Congrats to all the other ladies xx


----------



## vaniilla

welcome to first tri pixiepower :)


----------



## Sparkly

Congrats pixiepower x


----------



## jkbmah

hi all, by my calculations, last period started n 24th Jan - which gives me a due date of 1st Nov!! - not had anything confirmed by docs yet. hoping its not chemical......


----------



## carla1234

How is everyone doing? Any new symptoms?

I am feeling fine except feeling a little queasy but not actually sick yet.

I definetly am urinating a lot more.

Called my doc to make an appt (I have some other things to discuss as well and I was going to make an appt anyways).


----------



## petitpas

Wow sparky - so pleased for you! Congratulations!!! :hugs:

Had my first midwife appointment today! Not a proper booking in (that's in two weeks time), but just put me on the system and started things so that I can see a consultant etc. as I had a few medical problems. Loads of forms, basically, and I have an appointment for a scan 28th April. :happydance:

Oh, is anyone else having the weirdest dreams about babies?


----------



## rowleypolie

carla1234 said:


> How is everyone doing? Any new symptoms?
> 
> I am feeling fine except feeling a little queasy but not actually sick yet.
> 
> I definetly am urinating a lot more.
> 
> Called my doc to make an appt (I have some other things to discuss as well and I was going to make an appt anyways).

new symptoms...
queasy stomach
very tired
boobs hurt! hahaha

updated!


----------



## SunnySkies

Hello! :wave: Can I please join? Got my bfp on Saturday, not sure of the exact due date but I've calculated Nov. 7th. Hoping this one sticks, we had a mc just over a year ago.
Can't wait to meet you all!


----------



## Autumnbabe

Just got back from my docs appointment - she was so lovely and v thorough too! I think she was glad i ended her day in a positive way rather than coughing on her. Just got to wait for midwife to call now with all other info and to get screening test booked in between 11-13 weeks. I think i might have to tell a few people before then tho!
Only symptom really is tiredness.
Congrats new ladies!


----------



## vaniilla

welcome to first tri sunnyskies :hugs: 

my symptoms today are feeling really sick at the smell of casserole, not sure if that's a symptom but I was retching at the smell of beef casserole

I've been having killer boobs all day again

I've been getting af cramps on off

and I feel like I'm about to drop off but its only 8:30 

Thats me updated :)


----------



## MrsWez

I got my :bfp: yesterday and have a EDD of November 6th. I'm feeling okay. So far I've been really tired, headaches, sore BBS, peeing constantly and HUNGRY.


----------



## rowleypolie

updated!

totally poas again today because i started worrying that this might just be a chemical pregnancy....i had a MC in sept so i worry about every little thing! but the lines are much darker than when i tested a few days ago and af would have been due today! so i guess my worry is over! i need to take a decent pic of a test for the baby book!
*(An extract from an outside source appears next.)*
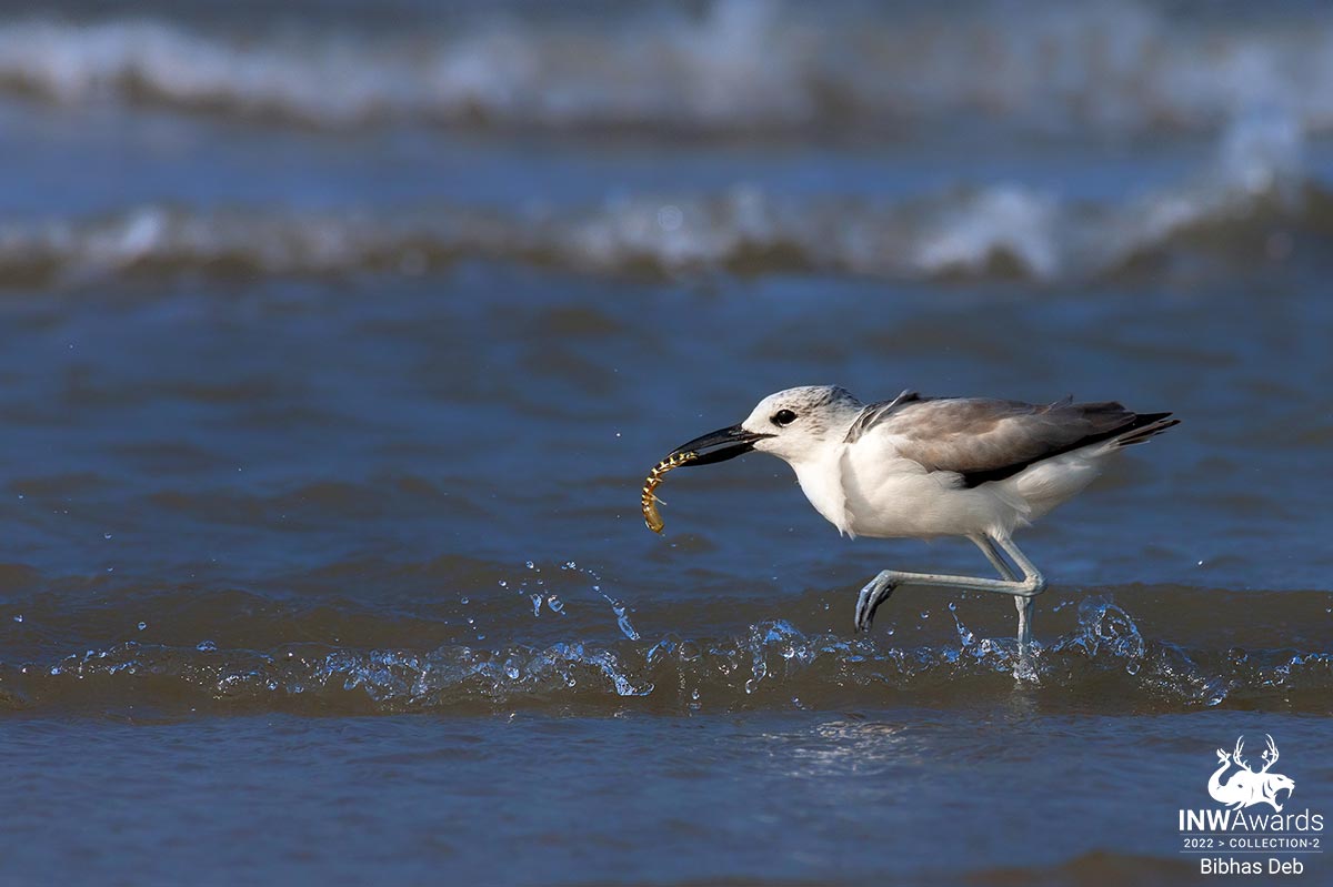 Title: Crab-plover with crab The crab-plover or crab plover is a bird related to the waders, but sufficiently distinctive to merit its own family Dromadidae. This slender shorebird with an over-sized bill subsists on a diet dominated by crabs. I found this moment on the bank of Mandvi beach during my Great Rann of Kutch, Gujarat photographic tour. I was lucky to get this nice habitat shot.

dh said i need to try to connect with the baby because i am trying not to...anyone else feel this way after a MC?


----------



## SunnySkies

rowleypolie, I know the feeling. I was wild with excitement the first time, but with this one I'm quite a bit more cautious and afraid that it will end in mc again. DH and I had a nice talk about it last night and I feel somewhat better :)


----------



## rowleypolie

SunnySkies said:


> rowleypolie, I know the feeling. I was wild with excitement the first time, but with this one I'm quite a bit more cautious and afraid that it will end in mc again. DH and I had a nice talk about it last night and I feel somewhat better :)

i am also being extra cautious! havent been swimming in a few weeks...we live in hawaii and i usually take DD every week! havent been to the gym to workout, havent done a ton of bding. kind of being lazy so i dont hurt the little bean....been watching a bunch of baby shows :haha:


----------



## pixiepower

hey roliepolie,
just wanted to send you some :hugs: I've had a couple of chemicals and a still birth, I promised i wouldnt test early and of course I have:dohh:. and i will panic until af date passes no doubt. But i wanted to say that on the up side i have had 3 beautiful children and you have your gorgeous DD, so we know our bodies do work how they are supposed to. Lots of PMA for you honey, those lines are doing what they are supposed to, as our mine. Dont be afraid to swim or do what you normally do, your body is used to the exercise and it may even help you to relax. The bonding will come in its own time, the first scan is always a biggie.
more :hugs: and we will see those gorgeous bundles come November xx


----------



## pixiepower

wanted to say as well welcome to all the new moms to be, looking forward to getting to know all of you xx


----------



## Sparkly

Welcome to the new ladies, and congrats on your :bfp:

new symptoms are, overwhelming tiredness for the last couple of days, and I keep weeping!! For no reason whatsoever!! my sense of smell is so heightened, especially in the mornings, that when I was sorting laundry earlier, the smell of the washing powder turned my stomach!

I'm being cautious too, because of my age (39) I have stopped exercising(apart from going on walks) do no heavy lifting, take regular rests laying down, and am getting my wonderful DH and DS to help with the housework and cooking. Also the bding is on hold until I'm 12 weeks, thankfully I have a lovely DH who doesn't mind a jot, as long as bean and I are okay :)


----------



## mazee71

Hi ladies

Can I be added to the 9th please - hopefully won't be anything like its brother and be a fortnight late :)


----------



## claire911

Just wanted to say hello to all the new :bfp: 

I was feeling fine but started to feel green and get to know my toilet abit more intimately yesterday, nice! 

:hugs:


----------



## petitpas

claire911 said:


> Just wanted to say hello to all the new :bfp:
> 
> I was feeling fine but started to feel green and get to know my toilet abit more intimately yesterday, nice!
> 
> :hugs:

Oh no! I thought we had at least a couple of weeks before all of that started...:dohh:


----------



## chocolate

petitpas said:


> claire911 said:
> 
> 
> Just wanted to say hello to all the new :bfp:
> 
> I was feeling fine but started to feel green and get to know my toilet abit more intimately yesterday, nice!
> 
> :hugs:
> 
> Oh no! I thought we had at least a couple of weeks before all of that started...:dohh:Click to expand...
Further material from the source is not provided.